Tech

Hackers are accused of seeking destruction using cyber attacks on hospitals


For example, in December 2023, Anonymous Sudan shut down OpenAI’s ChatGPT after a sustained series of DDoS attacks in response to the company’s CEO Tal Broda voicing support for cyberattacks. Israeli Defense Forces fire in Gaza. “More! No mercy! IDF does not stop!” Broda had write on X through a photo of a devastated urban landscape in Gaza and in another post deny the existence of Palestine.

“We will continue to target ChatGPT until the genocide advocate, Tal Broda, is fired and ChatGPT stops taking an inhumane stance towards Palestinians,” Anonymous Sudan responded in a post on Telegram explaining their attacks on OpenAI.

However, Akamai’s Seaman said that Anonymous Sudan’s real goals were not always purely ideological. The group has also offered to sell access to its DDoS infrastructure to other hackers: The group’s Telegram posts as recently as March offered to use their DDoS service, called Godzilla or Skynet, for $2,500 a month. That suggests that even seemingly politically motivated attacks may have a purpose, at least in part, to market the monetization aspect of it, Seaman argues.

“They seem to have thought, ‘We can go in, actually harm people and market this service at the same time,’” Seaman said. He noted that, within the anti-Israel, pro- Palestine of the group after the October 7 attack, “there is definitely an ideological thread in it. But the way it affects the different victims is something that is probably unique to the perpetrators of the attack clearly understand.”

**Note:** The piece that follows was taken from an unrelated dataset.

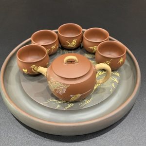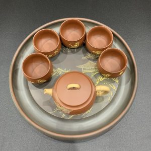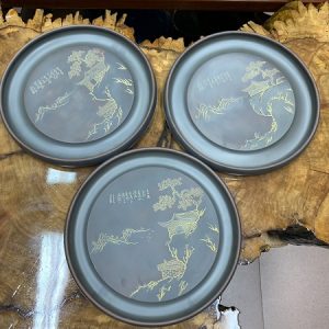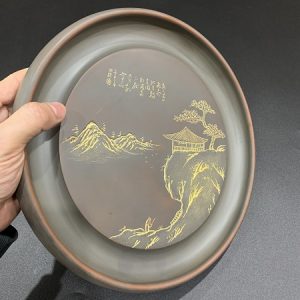 Hãy là người đầu tiên nhận xét “Khay trà đá tử sa nê hưng dáng tròn khắc sơn thủy để ấm chén 28cm KNH03”

Anonymous Sudan also occasionally attacks targets in Ukraine, apparently collaborating with pro-Russian hacker groups like Killnet. That has led some in the cybersecurity community to suspect that Anonymous Sudan is in fact a Russia-linked operation that uses its Sudanese identity as a front, given its history of using hacktivism of Russia as a fake flag. The charges against Ahmed and Alaa Omer suggest that the group is indeed of Sudanese origin. But beyond the name, the group doesn’t appear to have any obvious ties to the original hacker collective Anonymous, which has been largely inactive for the past decade.

Akamai’s Seaman said that beyond its goals and politics, the group also stands out for its relatively new and effective technical approach: The group’s DDoS service is built by gaining access to hundreds or even even thousands of virtual private servers—often powerful machines provided by cloud service companies—by renting them with fraudulent credentials. It then uses those machines to launch so-called layer 7 attacks, overwhelming web servers with requests for websites, rather than flooding them with lower-level requests for raw internet data. which DDoS hackers tended to use in the past. Anonymous Sudan and its DDoS service clients will then target the victim with large numbers of those Layer 7 requests in parallel, sometimes using techniques known as “multiplexing” or “pipeline” to simultaneously create multiple bandwidth demands on servers until they are taken offline.

For at least nine months, Seaman said, the group’s technical prowess and brazen, unpredictable targeting have made it a top concern for the anti-DDoS community—and for with many victims of this group. “There’s a lot of uncertainty about this group, what their capabilities are, what their motivations are, why they’re targeting people,” Seaman said. “When Anonymous Sudan left, curiosity soared and there was certainly a sigh of relief.”

The Justice Department’s decision to file criminal charges against Ahmed Omer could result in a life sentence for a seemingly haphazard denial-of-service attack, as state-sponsored cyberattacks and ransomware often causing much more serious damage to healthcare networks. said Josh Corman, a researcher at the Institute for Security and Technology who has long focused on hacking targeting healthcare. Corman said he was nonetheless encouraged to see prosecutors recognize that even crude cyberattacks can have serious—and even deadly—consequences for victims .

“Yes, denial of service attacks can degrade and deny patent care, causing loss of life,” Corman said. “While this is a first and may seem arbitrary until we have more details, it is pleasing to see that we understand the enormous consequences of these attacks.”